ArtKorvalay A gamer who dislikes a game but finds no outrage from the community does not add up his voice. A gamer who moderates a game but finds an outrage from the community adds up a negative voice
We could consider ratings along whether the game is hyped or outraged from the community. In that way, we might reach more accurate analysis.
ArtKorvalay Some games like disco elsiym gets played by only those who like such genre of games. A humble 2d-graphics like this shall not be played by any casual gamer who gets attracted by marketing and high graphics.

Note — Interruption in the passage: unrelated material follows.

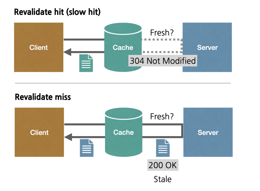 캐시는 revalidate를 수행할 수 있다. Cache에 있는 파일이 최신 파일인지를 검증한다.

So, a gamer who chooses to play it must be a fan of that style. As a result, the game got rated only by those who like it. Hence, ratings are biased.
We could consider ratings along whether a game’s marketing budget is high or low. In that way, we might reach more accurate analysis.
EoceneMiacid Terminator Resistance case study is typical for disparity between users and critics. Have a look here how the problem was highlighted by media.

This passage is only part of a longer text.